Aber welcher Geist wohnt und herrscht jetzt in diesem Haus? Ein guter? Oder vielleicht gar keiner? Ist Deutschland ein geistliches Vakuum? Ist Deutschland, was Gott anbetrifft, neutral, distanziert und überwiegend gleich­gültig? Wir können jubeln und danken, dass der böse Geist von einst weitgehend verschwunden ist. Aber wenn nichts anderes geblieben ist als eine Freiheit von ihm, nicht für irgendetwas, dann leben wir in einem gefährlichen Vakuum. Und dann kann es geschehen, dass der böse Geist zusammen mit sieben weiteren zurückkehrt und es unserm Land am Ende noch schlimmer ergeht.

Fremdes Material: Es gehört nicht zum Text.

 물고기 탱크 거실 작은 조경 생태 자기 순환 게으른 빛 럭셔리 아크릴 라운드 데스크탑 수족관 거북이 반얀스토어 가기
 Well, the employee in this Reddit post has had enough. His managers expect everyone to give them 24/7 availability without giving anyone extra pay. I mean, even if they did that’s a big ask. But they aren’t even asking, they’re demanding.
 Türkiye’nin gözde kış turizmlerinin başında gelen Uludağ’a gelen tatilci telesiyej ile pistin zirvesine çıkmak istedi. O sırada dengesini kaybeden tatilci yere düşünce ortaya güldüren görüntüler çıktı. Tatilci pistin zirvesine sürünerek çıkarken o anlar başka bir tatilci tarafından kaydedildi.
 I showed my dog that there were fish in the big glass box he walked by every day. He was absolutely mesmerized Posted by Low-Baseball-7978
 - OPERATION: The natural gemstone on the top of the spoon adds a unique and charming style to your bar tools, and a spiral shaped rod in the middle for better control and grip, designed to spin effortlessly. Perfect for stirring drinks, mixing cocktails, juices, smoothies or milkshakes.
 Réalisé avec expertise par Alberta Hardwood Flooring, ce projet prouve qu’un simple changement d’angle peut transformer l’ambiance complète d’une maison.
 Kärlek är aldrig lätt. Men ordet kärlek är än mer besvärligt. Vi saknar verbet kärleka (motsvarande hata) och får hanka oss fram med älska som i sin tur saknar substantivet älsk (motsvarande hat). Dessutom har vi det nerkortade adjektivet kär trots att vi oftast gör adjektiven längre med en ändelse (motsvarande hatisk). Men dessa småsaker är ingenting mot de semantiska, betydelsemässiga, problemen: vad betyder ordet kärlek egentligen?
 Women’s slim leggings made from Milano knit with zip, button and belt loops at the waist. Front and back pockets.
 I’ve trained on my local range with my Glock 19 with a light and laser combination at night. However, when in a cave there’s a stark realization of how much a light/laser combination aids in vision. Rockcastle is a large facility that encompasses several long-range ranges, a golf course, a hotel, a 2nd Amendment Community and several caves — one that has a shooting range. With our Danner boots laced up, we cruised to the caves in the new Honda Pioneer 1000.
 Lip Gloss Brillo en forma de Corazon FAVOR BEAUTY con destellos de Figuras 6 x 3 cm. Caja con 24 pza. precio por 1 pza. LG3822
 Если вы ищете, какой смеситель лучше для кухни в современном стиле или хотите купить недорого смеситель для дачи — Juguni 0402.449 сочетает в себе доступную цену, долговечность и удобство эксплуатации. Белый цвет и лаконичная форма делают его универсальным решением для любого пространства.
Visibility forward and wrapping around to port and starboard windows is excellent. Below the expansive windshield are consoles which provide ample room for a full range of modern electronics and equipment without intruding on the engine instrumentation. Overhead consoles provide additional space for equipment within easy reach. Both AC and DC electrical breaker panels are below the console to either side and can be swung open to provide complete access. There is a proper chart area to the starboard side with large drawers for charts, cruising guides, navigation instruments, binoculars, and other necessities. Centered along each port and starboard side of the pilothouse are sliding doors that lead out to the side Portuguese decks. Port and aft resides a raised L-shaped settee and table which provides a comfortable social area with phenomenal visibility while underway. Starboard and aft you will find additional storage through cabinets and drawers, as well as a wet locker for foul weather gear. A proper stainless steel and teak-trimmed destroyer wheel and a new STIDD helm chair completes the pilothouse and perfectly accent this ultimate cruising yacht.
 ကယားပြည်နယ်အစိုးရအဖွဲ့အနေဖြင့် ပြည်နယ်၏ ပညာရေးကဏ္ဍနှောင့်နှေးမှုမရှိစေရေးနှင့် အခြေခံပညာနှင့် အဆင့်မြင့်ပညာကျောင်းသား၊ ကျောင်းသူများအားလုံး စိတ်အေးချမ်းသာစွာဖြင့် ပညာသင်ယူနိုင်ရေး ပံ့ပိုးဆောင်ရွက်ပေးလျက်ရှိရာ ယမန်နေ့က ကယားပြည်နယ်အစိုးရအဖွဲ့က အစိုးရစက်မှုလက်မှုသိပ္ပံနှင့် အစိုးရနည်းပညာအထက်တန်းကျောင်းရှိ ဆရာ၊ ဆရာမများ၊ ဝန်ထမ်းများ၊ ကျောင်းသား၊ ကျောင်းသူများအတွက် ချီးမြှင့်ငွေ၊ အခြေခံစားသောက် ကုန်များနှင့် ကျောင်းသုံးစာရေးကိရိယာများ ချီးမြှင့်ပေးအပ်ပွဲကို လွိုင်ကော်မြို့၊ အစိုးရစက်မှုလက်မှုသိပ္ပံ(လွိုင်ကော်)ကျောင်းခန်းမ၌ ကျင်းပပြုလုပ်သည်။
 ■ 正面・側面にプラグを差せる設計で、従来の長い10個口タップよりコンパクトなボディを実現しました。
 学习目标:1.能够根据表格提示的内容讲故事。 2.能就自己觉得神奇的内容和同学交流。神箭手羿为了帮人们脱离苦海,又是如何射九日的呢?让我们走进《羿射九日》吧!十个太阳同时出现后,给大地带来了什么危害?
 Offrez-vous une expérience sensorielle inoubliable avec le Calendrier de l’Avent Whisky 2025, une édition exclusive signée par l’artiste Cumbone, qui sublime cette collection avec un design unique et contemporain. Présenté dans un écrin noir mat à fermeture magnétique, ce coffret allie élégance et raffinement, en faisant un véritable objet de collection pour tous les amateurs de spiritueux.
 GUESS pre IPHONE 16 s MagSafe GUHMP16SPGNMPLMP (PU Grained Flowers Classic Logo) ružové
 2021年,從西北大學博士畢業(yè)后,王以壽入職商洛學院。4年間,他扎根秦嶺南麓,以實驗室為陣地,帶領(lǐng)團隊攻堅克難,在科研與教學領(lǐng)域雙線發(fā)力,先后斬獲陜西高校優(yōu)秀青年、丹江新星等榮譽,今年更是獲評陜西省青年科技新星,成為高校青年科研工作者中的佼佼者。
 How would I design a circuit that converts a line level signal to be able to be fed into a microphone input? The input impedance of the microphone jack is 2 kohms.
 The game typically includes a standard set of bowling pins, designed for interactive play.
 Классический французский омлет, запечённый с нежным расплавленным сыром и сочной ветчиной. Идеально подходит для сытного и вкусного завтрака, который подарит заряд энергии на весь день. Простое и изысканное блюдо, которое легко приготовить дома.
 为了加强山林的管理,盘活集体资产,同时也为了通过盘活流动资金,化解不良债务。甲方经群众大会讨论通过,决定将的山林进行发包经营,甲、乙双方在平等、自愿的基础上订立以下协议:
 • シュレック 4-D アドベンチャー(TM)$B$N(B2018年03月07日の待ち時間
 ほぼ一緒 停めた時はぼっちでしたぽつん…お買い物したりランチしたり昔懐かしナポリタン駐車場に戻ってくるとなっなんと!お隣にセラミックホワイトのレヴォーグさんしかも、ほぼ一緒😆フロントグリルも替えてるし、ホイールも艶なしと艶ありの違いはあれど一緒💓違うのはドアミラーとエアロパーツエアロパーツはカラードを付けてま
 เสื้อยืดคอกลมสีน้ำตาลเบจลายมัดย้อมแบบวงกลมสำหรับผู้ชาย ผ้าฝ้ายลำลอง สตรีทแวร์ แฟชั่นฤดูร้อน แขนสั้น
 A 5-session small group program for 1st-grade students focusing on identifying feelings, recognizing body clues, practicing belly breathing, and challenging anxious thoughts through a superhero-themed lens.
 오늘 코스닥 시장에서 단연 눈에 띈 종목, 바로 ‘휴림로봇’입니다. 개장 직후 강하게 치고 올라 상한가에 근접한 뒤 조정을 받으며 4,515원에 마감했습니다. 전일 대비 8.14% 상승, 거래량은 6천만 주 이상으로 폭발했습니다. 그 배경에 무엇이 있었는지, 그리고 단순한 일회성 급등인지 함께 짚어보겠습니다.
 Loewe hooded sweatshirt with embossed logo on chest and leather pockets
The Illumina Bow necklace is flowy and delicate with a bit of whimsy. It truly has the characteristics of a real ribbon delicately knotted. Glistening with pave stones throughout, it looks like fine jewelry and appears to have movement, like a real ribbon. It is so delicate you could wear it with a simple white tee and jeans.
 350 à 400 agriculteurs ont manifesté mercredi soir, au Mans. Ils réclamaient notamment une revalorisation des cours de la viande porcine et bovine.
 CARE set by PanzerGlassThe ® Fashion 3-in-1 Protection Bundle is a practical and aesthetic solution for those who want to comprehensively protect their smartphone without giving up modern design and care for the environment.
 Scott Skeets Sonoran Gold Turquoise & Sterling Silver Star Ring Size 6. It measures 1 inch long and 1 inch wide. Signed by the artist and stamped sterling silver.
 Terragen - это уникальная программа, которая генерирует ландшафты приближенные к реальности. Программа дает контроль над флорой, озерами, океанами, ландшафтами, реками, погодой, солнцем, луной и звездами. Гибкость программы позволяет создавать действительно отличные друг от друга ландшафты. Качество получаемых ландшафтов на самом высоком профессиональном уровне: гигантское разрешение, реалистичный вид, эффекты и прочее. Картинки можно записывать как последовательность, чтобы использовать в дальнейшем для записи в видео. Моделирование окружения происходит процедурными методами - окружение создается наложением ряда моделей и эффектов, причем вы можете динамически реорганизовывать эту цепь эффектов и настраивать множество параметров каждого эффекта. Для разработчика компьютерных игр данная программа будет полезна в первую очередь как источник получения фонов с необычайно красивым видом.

Liebe Brüder und Schwestern, die christliche Freiheit besteht nicht aus Autonomie und Toleranz, nicht aus Selbst­bestimmung und Beliebig­keit. Christliche Freiheit bedeutet, dass Jesus Christus uns von der Schuld unserer Sünde befreit hat, damit wir das herrliche Leben der Gotteskinder führen können – ein Leben in Liebe, Respekt und Hilfs­bereit­schaft. Wie schön wäre es, wenn Gottes Geist in unserem Volk auf diese Weise herrschen würde! Wie schön wäre es, wenn er wirklich die Vor­herrschaft hätte und die Mehrheit der Bürger prägte! Denn nur dort, wo Menschen sich nicht selbst vergöttern, sondern in aller Bescheiden­heit als Kinder des himmlischen Vaters leben, sind wir sicher vor der Rückkehr der bösen Geister. Amen.

Diese Predigt wurde erstmals gehalten im Jahre 2017.